It’s time to revisit the Colorado POWR Act and its restrictions on nondisclosure and nondisparagement requirements in separation agreements. But first . . .

Shall I Call My Employment Lawyer Today?
A Sonnet by Emily M. Hobbs, Ascent Employment Law

And this termination hath all too short a date;
Sometimes too hot the eye of budgets shine,
And often legalese is meant to be skimmed;
And every risk is brisk and over time declines,
Without fail rambling legal provisions untrimmed;
Cause more confusion than should be made,
And employees appreciate employers who ow’st;
Receiving funds that wouldn’t otherwise be paid,
In exchange for a release of claims she’ll go’st:
So long as we pay on time we’re free,
So long, she won’t challenge the release.

In the category of “no good deed goes unpunished,” offering a severance payment to an employee in exchange for a separation agreement that violates Colorado law can wind up costing employers time and money. The Colorado Protecting Opportunities and Workers’ Rights Act (“POWR Act”), which went into effect on August 7, 2023, requires that any nondisclosure and/or non-disparagement agreement explicitly allow employees to disclose information related to alleged discriminatory or unfair employment practices.
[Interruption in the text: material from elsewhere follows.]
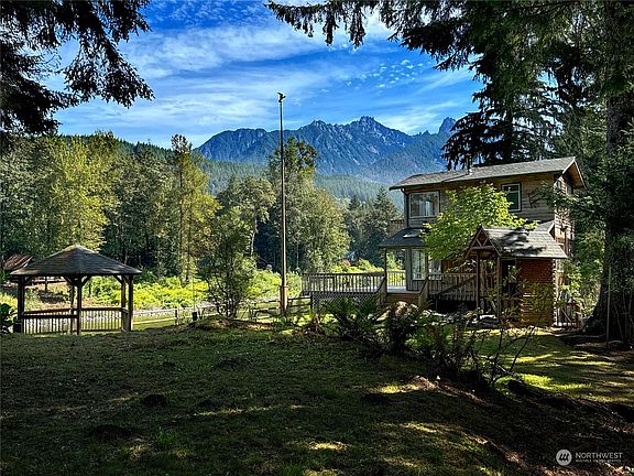 Experience paradise with your own prime riverfront on the Skykomish River! Enchanting one-of-kind waterfront 3-bedroom vacation or primary home in a gated community. Completely updated with new kitchen, floors, bathroom, and furnace. Incredible views, huge deck, charming outbuildings and gazebo on the water. Waterfront parcel to left of house is also included in the sale. Hiking & Skiing close by. Minutes to groceries and gas.

Under the POWR Act, nondisparagement and confidentiality provisions between an employer and employee (or prospective employee) are void unless they meet the following criteria:

  • The restrictions and terms must apply equally to the employer and employee;
  • The provision must state that it does not restrain a party from disclosing the underlying facts of any alleged discriminatory or unfair employment practices, including the existence and terms of the settlement agreement, under circumstances outlined in the statute, including: (a) to immediate family members, religious advisors, medical or mental health providers or support groups, legal counsel, financial advisors and tax preparers; (b) to any local, state or federal government agency for any reason or in response to legal process (without prior notice to the employer); and (c) for other purposes as required by law;
  • It must state that disclosure of the underlying facts does not constitute disparagement;
  • If the agreement contains a nondisparagement provision, it must include a condition that, if the employer disparages the employee or prospective employee, the employer may not seek to enforce the nondisparagement or nondisclosure provisions of the agreement or seek damages against the individual for violating those provisions (although all other provisions remain in effect); and
  • The agreement must include an addendum signed by all parties attesting to compliance with the above requirements.

Additionally, under the POWR Act, a liquidated damages provision may not constitute a penalty or punishment and must provide for an amount of damages that is reasonable and proportionate in light of the anticipated actual economic loss that a breach of the agreement would cause.

Violating the POWR Act isn’t cheap, as an employer may be liable for actual damages, attorneys’ fees and costs, and a penalty of $5,000 for each instance in which an employee or prospective employee is presented with an agreement containing non-compliant provisions, regardless of whether the employer actually tries to enforce such provisions. Further, punitive damages are available in certain circumstances.

We drafted the above sonnet as a reminder to call your employment lawyer before using a pre-August 2023 form of severance/separation agreement. We’ve seen a few floating around. And if you’re one of the lucky employers who hasn’t offered a terminated employee a separation payment in exchange for a release since the POWR Act became effective, it may be time to update your form separation agreement and shred any existing agreements that predate the POWR Act to avoid potential inadvertent use of an outdated form.